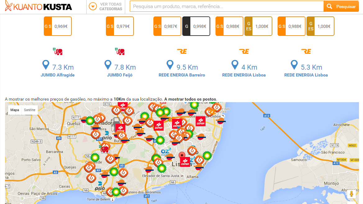Usando o centro da cidade de Lisboa, como exemplo, poderá pesquisar pelo abastecimento do depósito do seu veículo com gasóleo simples, sendo encontrado, num raio máximo de 10 km, cerca de 120 postos no KuantoKusta, com uma variação de cerca de 0,25 €/l entre o posto mais barato e o posto mais caro.
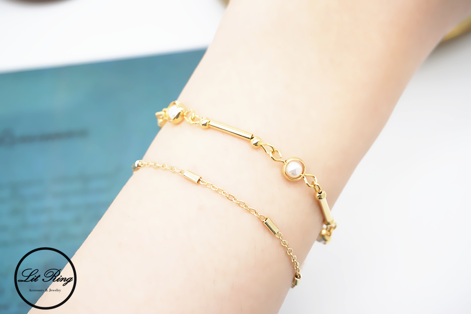 手鍊是銅厚鍍14k金材質,質感亮麗,保色時間較一般電鍍飾品長
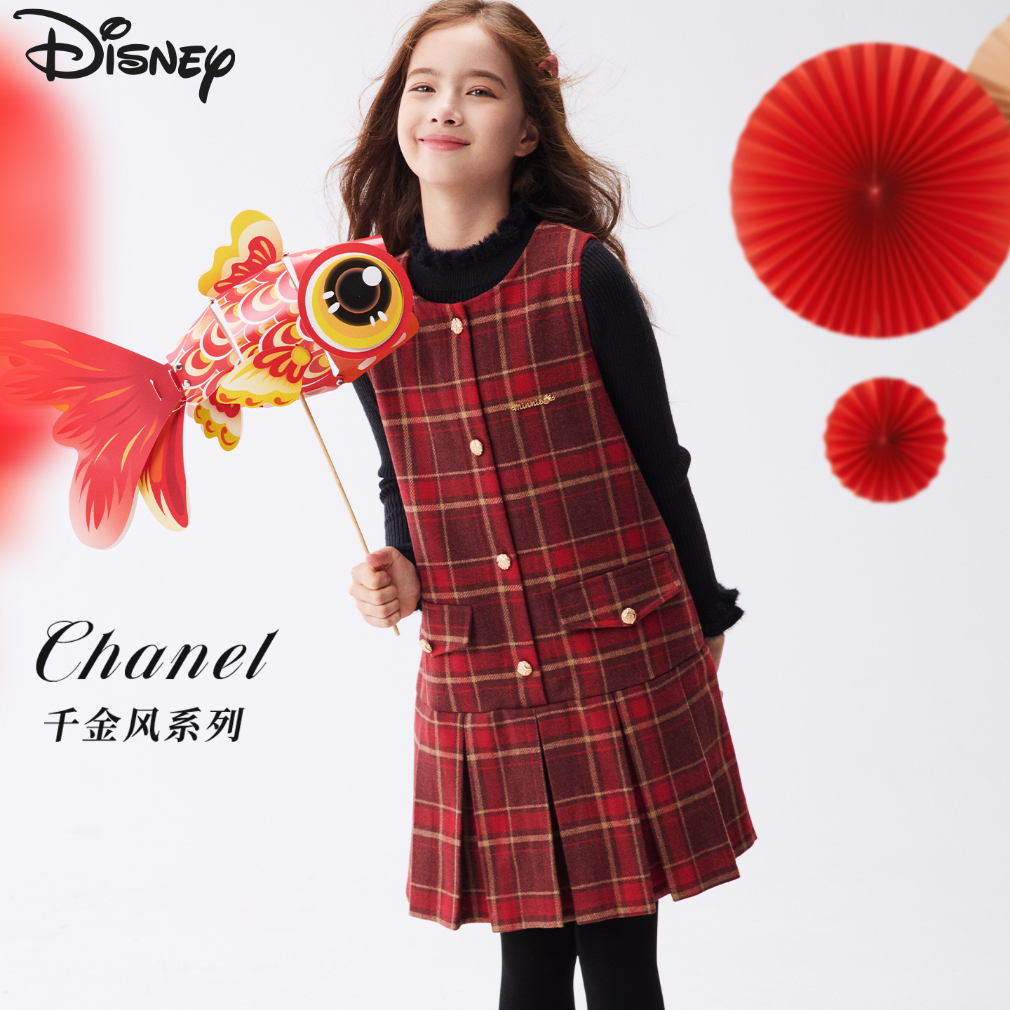 迪士尼女童红色连衣裙冬装新款儿童背心裙中大童新年装亲子拜年服
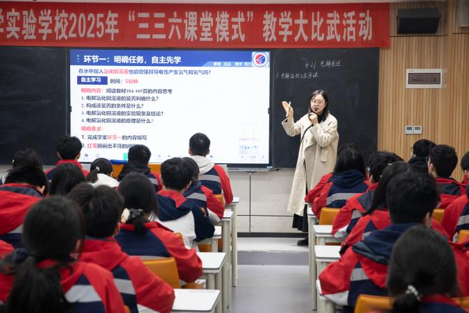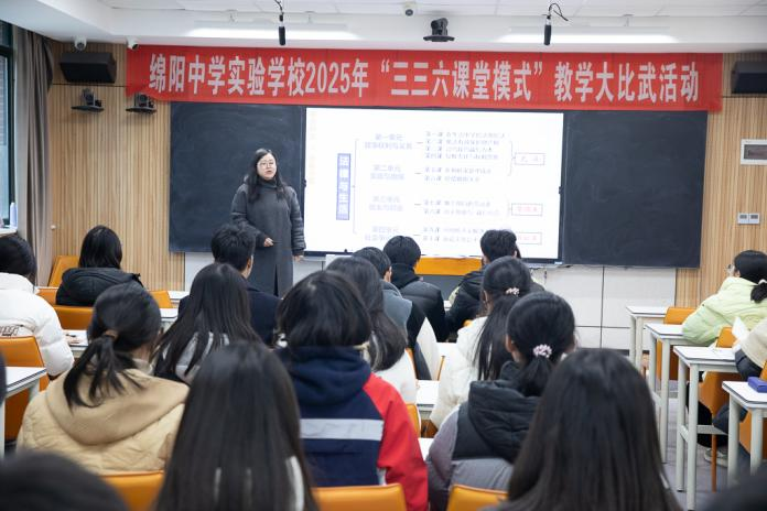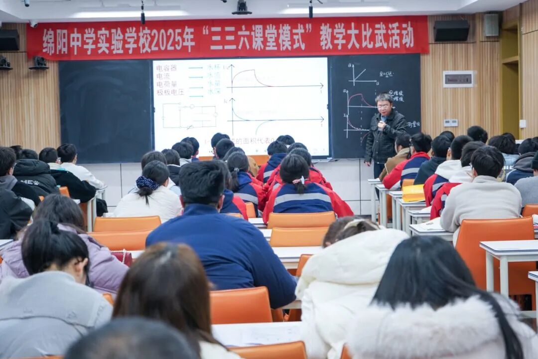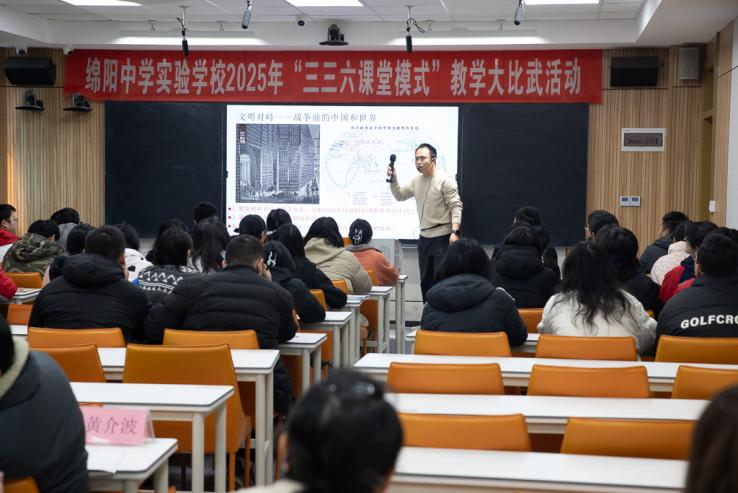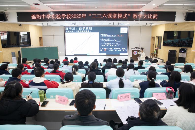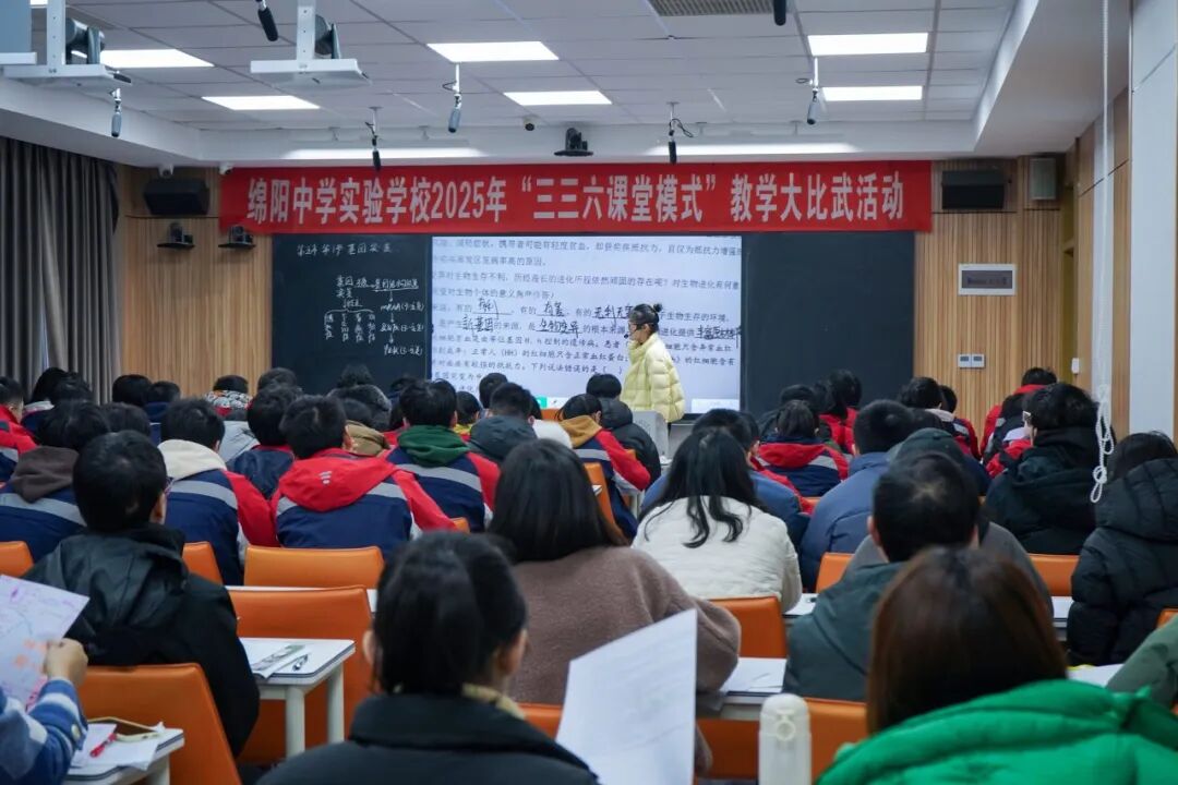 为持续推进和探索课堂模式创新,绵阳中学实验学校于2025年11月24日至12月11日开展了各学科“三三六课堂模式”教学大比武课赛活动。该模式是我校“三主教学理念”与“洋思模式三阶段”的有机融合与实践探索,坚持以学生为主体、以思维训练为主线、以自主探究能力提升为主旨,贯彻“先学、后教、当堂训练”,全面培养学生自主学习、合作探究与问题解决能力。比赛中,各科教师不仅积极践行该模式理念,突出学生主体地位,而且通过情境创设、动机激发、路径设计、学习支持、过程评价与内容拓展,有效突破教学重难点,亮点频出,展现出丰富的教学智慧与创新活力。

- **Task statement**:
Copy exactly the part of the material above that opens with the line containing "手鍊是銅厚鍍14k金材質,質感亮麗,保色時間較一般電鍍飾品長" and closes with the line containing "迪士尼女童红色连衣裙冬装新款儿童背心裙中大童新年装亲子拜年服", ends included. Drop the images.

- **Solution to the exercise**:
 手鍊是銅厚鍍14k金材質,質感亮麗,保色時間較一般電鍍飾品長
 迪士尼女童红色连衣裙冬装新款儿童背心裙中大童新年装亲子拜年服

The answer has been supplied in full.